For more than 150 years, MIT has been lauded for educating innovators and entrepreneurs. Many of these pioneers have launched their ventures in developed countries. But in recent years a new trend has emerged, as an increasing number of MIT innovators and entrepreneurs are now working in the emerging economies of Asia, Africa and Latin America. This trend is exemplified by the Fellows at the Legatum Center, which serves students from all five MIT schools who wish to be entrepreneurs in low-income countries.
Legatum Fellows Arie Dukes and Akash Bhatia worked with Mayank Kapoor to establish Infinite Analytics, a web analytics company. While one might expect the business to be based in Silicon Valley, Infinite Analytics is actually located in India.
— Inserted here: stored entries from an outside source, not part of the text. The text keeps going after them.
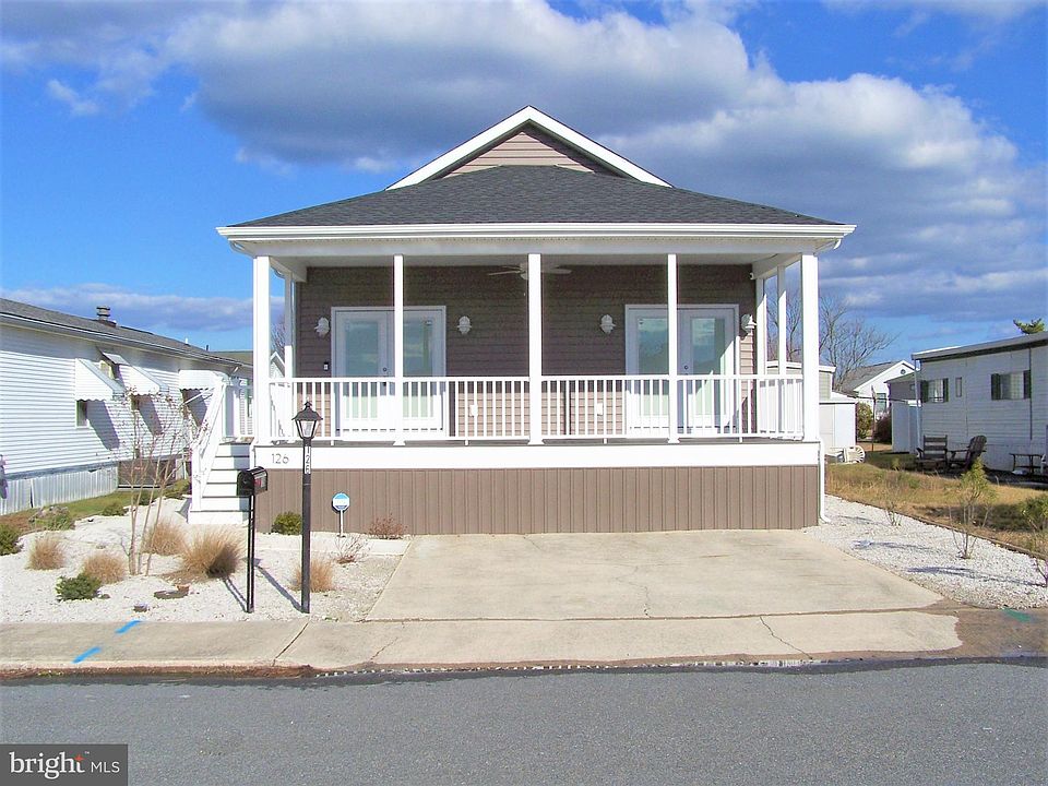 This beautiful nearly new home was stick-built in 2022 and is located in the highly sought after community of Montego Bay in North OC. The home features many interior upgrades including Samsung stainless steel appliances, Granite kitchen counters, 42" white shaker style kitchen cabinets, ceramic tile/glass backsplash, brushed nickel hardware throughout, 2 panel interior doors, 5-1/4" base trim, ceiling fans in all bedrooms and a 72" ceiling fan in living area, vaulted ceilings in living area, Luxury Vinyl Plank flooring throughout, matching Granite bathroom vanity tops, ceramic tile showers, and a full size Samsung washer and dryer (white). Exterior of the home has 5" lap Monogram vinyl siding in Weathered Wood color, GAF Architectural shingles, white Viwinco windows with grills, Trex maintenance free decking, white vinyl railings and white exterior lighting. Montego Bay community amenities include 2 inground swimming pools, 1 kiddie pool, 2 tennis courts, pickle ball courts, a shuffleboard court, a 9 hole mini-golf course, a community fishing/crabbing area, an 8 acre wildlife sanctuary/park area with a large pond and a blacktop walking/jogging trail, and a bayfront boardwalk with 3 fishing/crabbing piers...all for a low hoa fee of $360.00 a year!
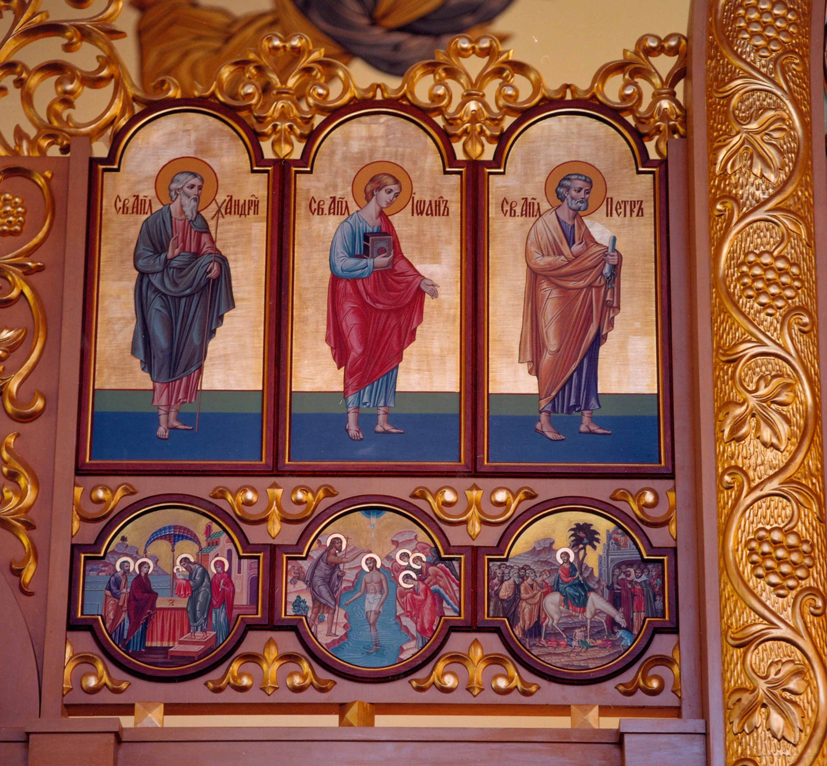 Detail of the iconostas showing part of the Apostles Tier and the Festal Tier of Holy Spirit UOC, in Regina, SK. Photo by S. Demchinsky (2004).
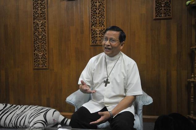 Photo: Cardinal Charles Maung Bo of Myanmar speaks during an interview at his office in Yangon on January 6, 2015 / Soe Than Win / AFP
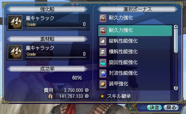 1stキャラ、メインキャラの座をケイトに奪われる。陸戦は鉄砲が主力、一応奥義まで習得している。工芸、鋳造、造船カンスト
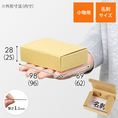 名刺やカードなどの小物の梱包に最適なダンボール箱です。長3封筒などに入れて定形外郵便(規格内)で発送できます。
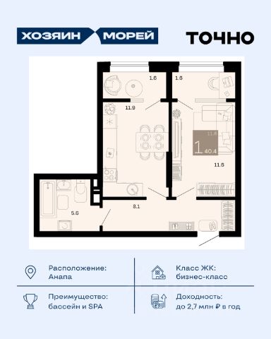 • ✓ В базе Циан 1,1 тыс. квартир бизнес класса от застройщика в муниципальном округе Анапа Краснодарского края

Envy, a woman's apparel company founded by Legatum Fellow Mercy Wakweika, uses a business model that capitalizes on excess inventory. Rather than selling to consumers in the United States, their flagship store is located in Uganda.
Geonecta is a platform for aggregating sensor networks developed by Legatum Fellow Fernando Tubilla. With services being tested in the U.S., it grew out of Fernando's determination to create support and execution systems that improve the operations of organizations throughout Latin America.
In 2010, Legatum Fellow Javier Lozano opened Clínicas del Azúcar, comprehensive care clinics that use new technologies and data analysis software to provide low-cost monitoring to diabetics. Without such innovation, the costs are prohibitive for low-income families in Mexico.
Aminata Kane, a current Legatum Fellow, has taken an IKEA approach to designer clothing, selling clothes in boxed kits comprised of pre-assembled fabrics and matching accessories that customers bring to their tailors to ensure the perfect fit. Her business, Fula&Style, opened in Senegal.